To facilitate the generation of compound sentences, triplets were grouped based on their subject. By employing a probabilistic function, the model was trained to generate a varying range of triplet sets. This methodology was designed to capture the intricate relationships between entities in a structured yet fluid manner.

Here is an example showing how two grouped triplets translates into a single compound sentence:

Input Pair:
"Tom | Is A | American"
"Tom | Works As | Engineer

Compund Output: 
"Tom is an american who works as an engineer"."

The second model explored is the Generative Pre-trained Transformer (GPT). GPT's architecture is decoder-only, making it particularly skilled at predicting subsequent words based on its training. While this architecture excels in generating coherent sequences, it doesn't have the explicit input-to-output mapping that encoder-decoder models like T5 possess. This makes it excellent for free-form text generation, but it also means that for tasks requiring a strict correspondence between input and output, additional strategies or fine-tuning might be necessary to achieve optimal results.

To ensure the generated content from GPT remains contextually relevant and accurate, a filtering step was introduced. This involved creating candidate sentences for each triplet and selecting the one with the highest semantic closeness (measured using cosine similarity) to the article's title vector.
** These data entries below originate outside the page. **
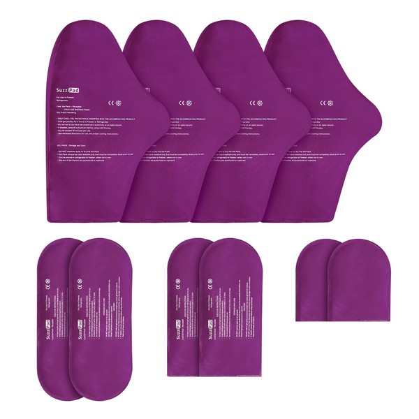 SuzziPad Replacement Ice Gel Packs for Cold Therapy Gloves and Socks(10-Piece Set), S/M, Purple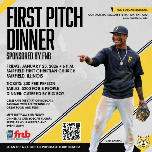 Frontier Community College will host its second annual Bobcats Baseball First Pitch Dinner, sponsored by FNB, on Friday, January 23rd at 6 p.m. at the Fairfield First Christian Church.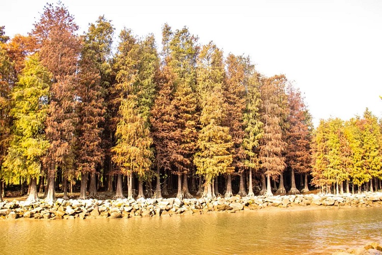 在三洲社区乌洲水闸段,成片红色的落羽杉如诗如画,为伦教染上了冬日限定色彩,吸引了各地游客前来拍照打卡。伦教城建办相关负责人介绍,乌洲水闸独特的冬日落羽杉美景每年都吸引不少市民前来拍婚纱照,为此,伦教街道在树林里的泥泞路用石板铺设了一条小道,以便市民取景拍摄。
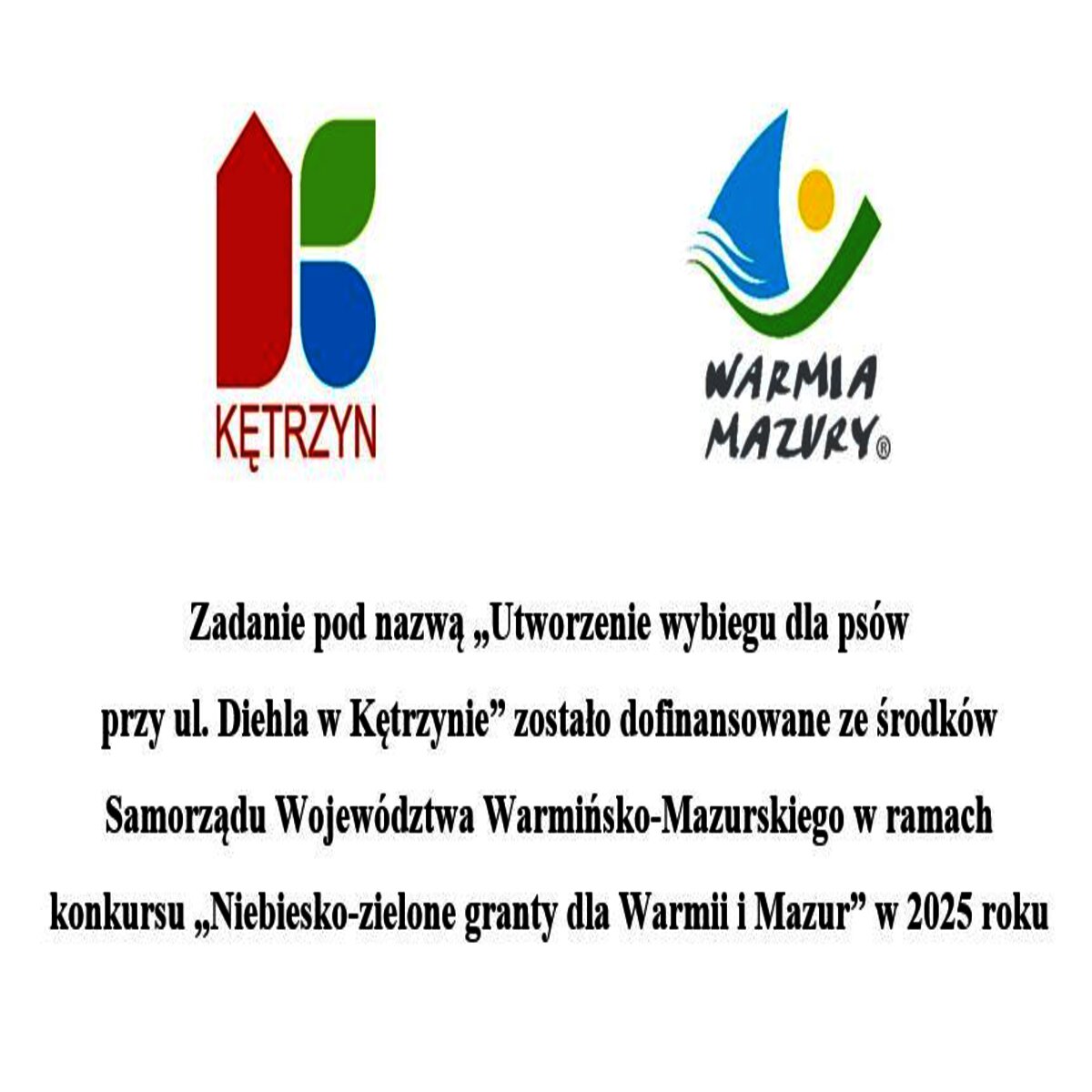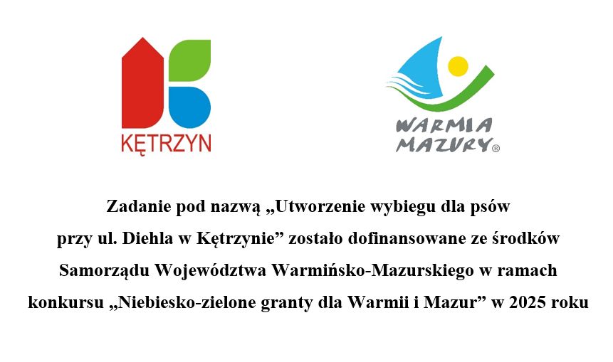 Zadanie pod nazwą „Utworzenie wybiegu dla psów przy ul. Diehla w Kętrzynie” zostało zrealizowane w ramach przyznanej pomocy finansowej Samorządu Województwa Warmińsko-Mazurskiego w konkursie „Niebiesko-zielone granty dla Warmii i Mazur” w 2025 roku”.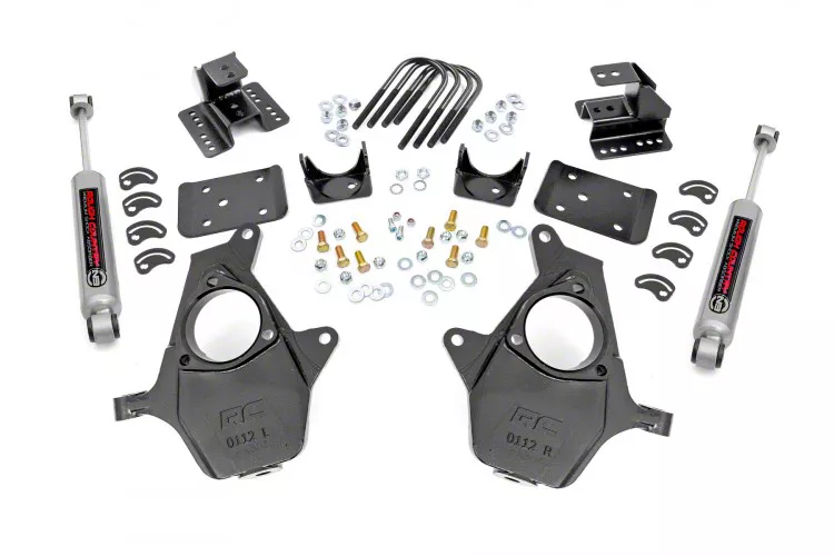 Improved Handling and Style. Outfitting your street-focused Silverado 1500 with a lowering kit is a great way to improve both its handling and style. When choosing the right lowering kit for your ride, this Rough Country Knuckle Lowering Kit; 2-Inch Front / 4-Inch Rear is the way to go. This lowering kit will drop your front by 2 inches and rear by 4 inches lowering your center of gravity while also leveling out the front to the rear. The result is more stable handling and a fierce leveled stance. Likewise, this kit achieves its lowered ride height while retaining a smooth factory ride quality so your truck not only looks good, it drives brilliantly as well.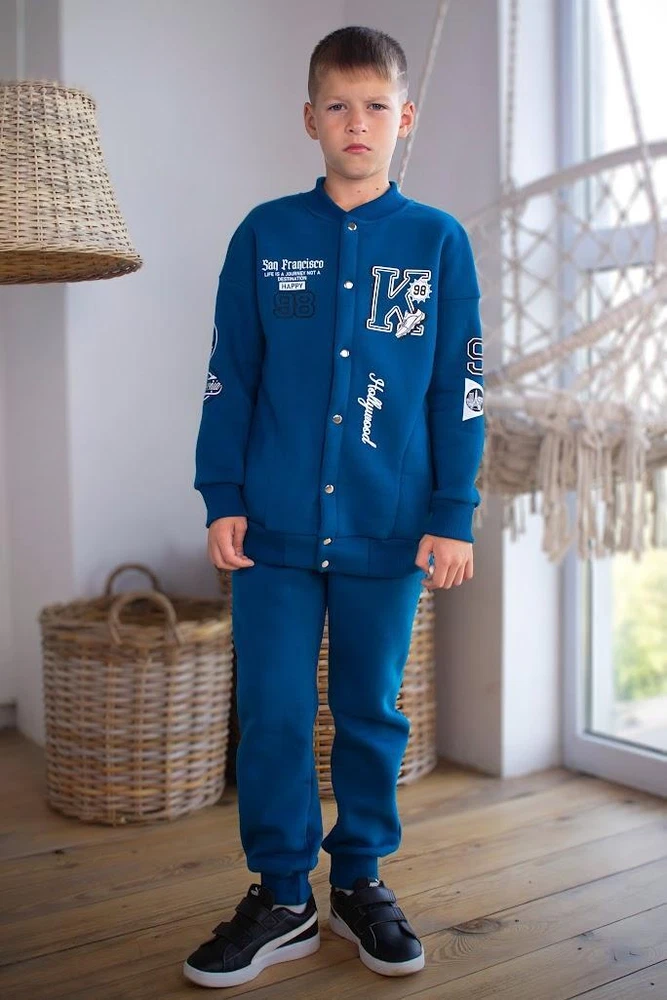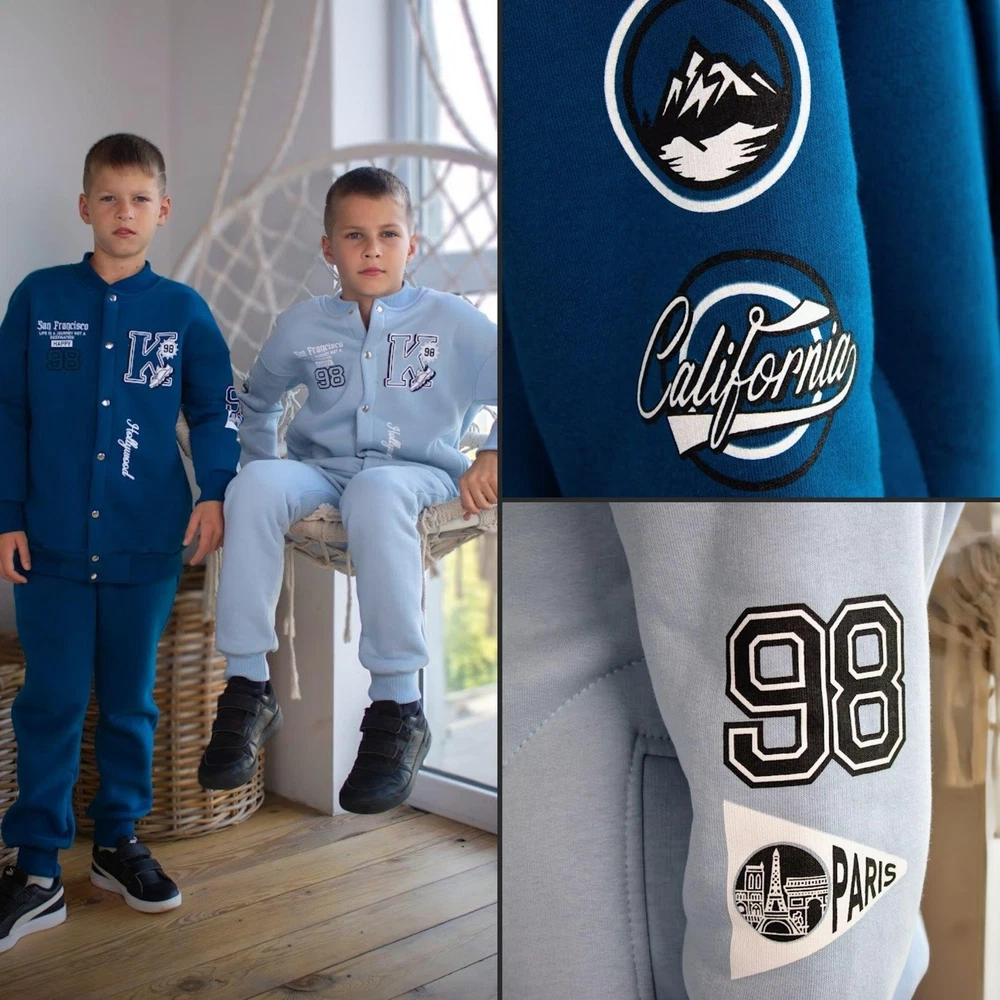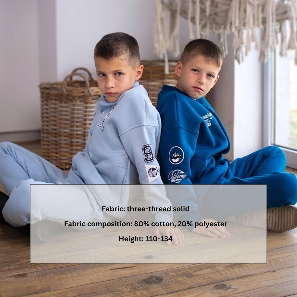 Material: Jersey General size: 110-134 Seazon:Winter Pattern:Graphic Print Clothing decoration:no decoration Size: 110, Bust: 76cm, Top Length: 47cm, Sleeve Length: 45cm, Hips: 62cm, Pant length: 61cm, Waist: 48cm, Height: 110cm, Shoulder: 38cm Size: 116, Bust: 78cm, Top Length: 49cm, Sleeve Length: 47cm, Hips: 66cm, Pant length: 65cm, Waist: 50cm, Height: 116cm, Shoulder: 39cm Size: 122, Bust: 80cm, Top Length: 51cm, Sleeve Length: 51cm, Hips: 70cm, Pant length: 69cm, Waist: 50cm, Height: 122cm, Shoulder: 40cm Size: 128, Bust: 82cm, Top Length: 53cm, Sleeve Length: 54cm, Hips: 74cm, Pant length: 73cm, Waist: 52cm, Height: 128cm, Shoulder: 41cm Size: 134, Bust: 84cm, Top Length: 55cm, Sleeve Length: 46cm, Hips: 78cm, Pant length: 76cm, Waist: 52cm, Height: 134cm, Shoulder: 42cm Define your boy's style with our exclusive suit! It is not just clothes, it is the embodiment of individuality and sophistication. Designed for those who value comfort and quality. Thanks to its unsurpassed design and excellent material quality, this suit will become an irreplaceable element of your little one's wardrobe. Order now and make his day special!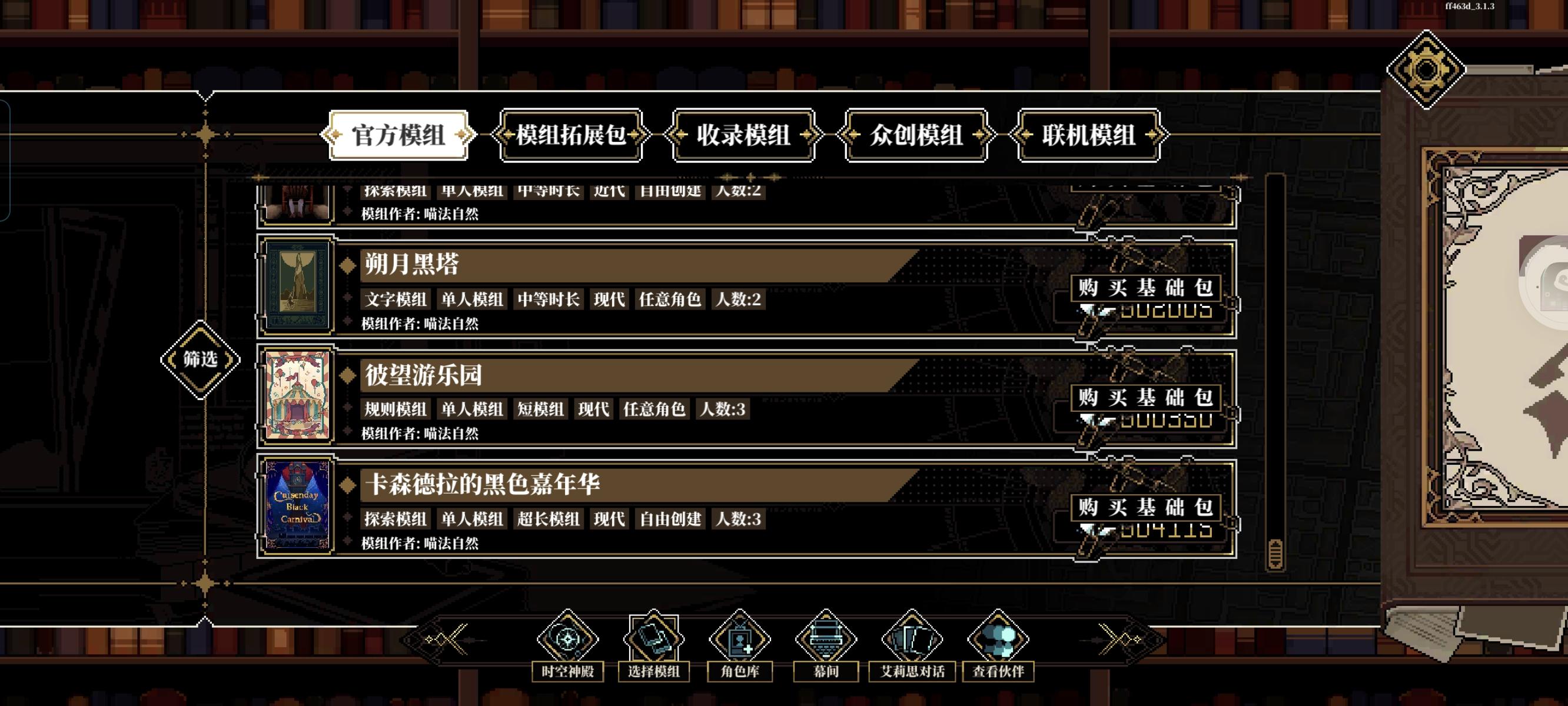 这个按钮可以查看场景中线索,没事就开着,防止漏线索这个按钮可以,在战斗中使用物品,包括丢攻击类道具和用药品,一回合一个人只能使用一次这个按钮可以在战斗中换装备组队这可以调站位加工可以弄道具,有些道具需要能工巧匠判定然后幕间是在这里,然后每次通关模组后获得12格时间,右上角时空点数正在优化中,暂时没用,之前是在转折里面用的度假可以回血,也可以在这里提升属性,不过不能超60研习可以提升技

This step was hypothesized to enhance the generation of summaries that are contextually aligned with the article's title, minimizing the introduction of unrelated details.

An example:

Title: "Tom's Passion for Books"
Triplet from Sentence Body: "Tom | Loves | Reading" 

Candidates w Cosine Similarity: 
1. "Tom has a deep affection for reading" (0.85) 
2. "Tom spends his time loving books" (0.81)
3. "Reading is what Tom loves the most" (0.88) <- selected
4. "Tom's favorite hobby is playing soccer" (0.40)
5. "Tom often finds solace in reading"


The third sentence, "Reading is what Tom loves the most", has the highest similarity score of 0.88. Thus, it's selected as the most contextually relevant sentence to the article's title. This process ensures that the generated sentence not only stems from the provided triplet but also aligns well with the broader context of the article.

Baselines

We set our models against a standard unsupervised summarizer using LexRank. In simple terms, we use Sentence-BERT to turn sentences into numerical values, or "embeddings". We then find how similar these sentences are to each other and pick the most central ones as our summary. This gives us a concise version of the original text.

Next, we aim to make this summary even simpler to read.

Our first approach identifies "complex" words, or words that aren't used often, using a scale called the Zipf scale. We then swap these complex words with simpler, more common ones using a database called WordNet.

Our second simplification method, LSBert, also identifies complex words. But instead of WordNet, we use BERT, another model, to suggest replacements. We then pick the simplest word from BERT's suggestions using the Zipf scale. We compared our models against reference summaries. We also looked into how well our models simplify text by comparing their outputs' complexity.

Evaluation

Evaluating summaries is tricky because language is flexible. Our evaluation methods helped us evaluate how the models perform in summaries that are both a) accurate and b) easy to read.

We mainly used ROUGE, which checks how much content our summaries share with reference summaries. For example, ROUGE-1 checks word overlap, while ROUGE-L checks for longer matching sequences, ensuring our summaries make sense. We also used BERTScore, which checks how similar the meaning of our summaries is to the reference, without needing exact word matches. While Bleu is a popular metric, we skipped it because it can be misleading for our purpose.

We wanted our summaries to be easy to read. So, we created a "simplicity index" that checks three things: how long the words and sentences are, how many uncommon words are used, and overall readability. The goal? Higher scores mean easier reading. We compared our models' scores to the original text and reference summaries.

Final Thoughts

Was this project a success? From a growth perspective, most definitely. It provided a hands-on deep-dive into the intricacies of NLP and the application of cutting-edge language models.

Performance-wise, GPT's results were a double-edged sword. While its proficiency was commendable, its effectiveness sometimes felt like a bypass to more engineered solutions, making it almost too good.

Here are some of the other takeaways:

  1. Text Simplification Insights: T5 produced the most readable summaries. Our baseline models struggled to simplify text effectively, but LSBert showed promise by offering more word replacement options. Still, reference summaries remained the most concise and to-the-point.

  2. Transfer Learning Hurdles: Fine-tuning models like T5 and DistilGPT on specific datasets didn't yield the results we hoped for. GPT-3.5, however, showed promise, coming close to LexRank in BERTScore. But, models like GPT-2 and T5 sometimes added made-up facts to their summaries, which isn't ideal.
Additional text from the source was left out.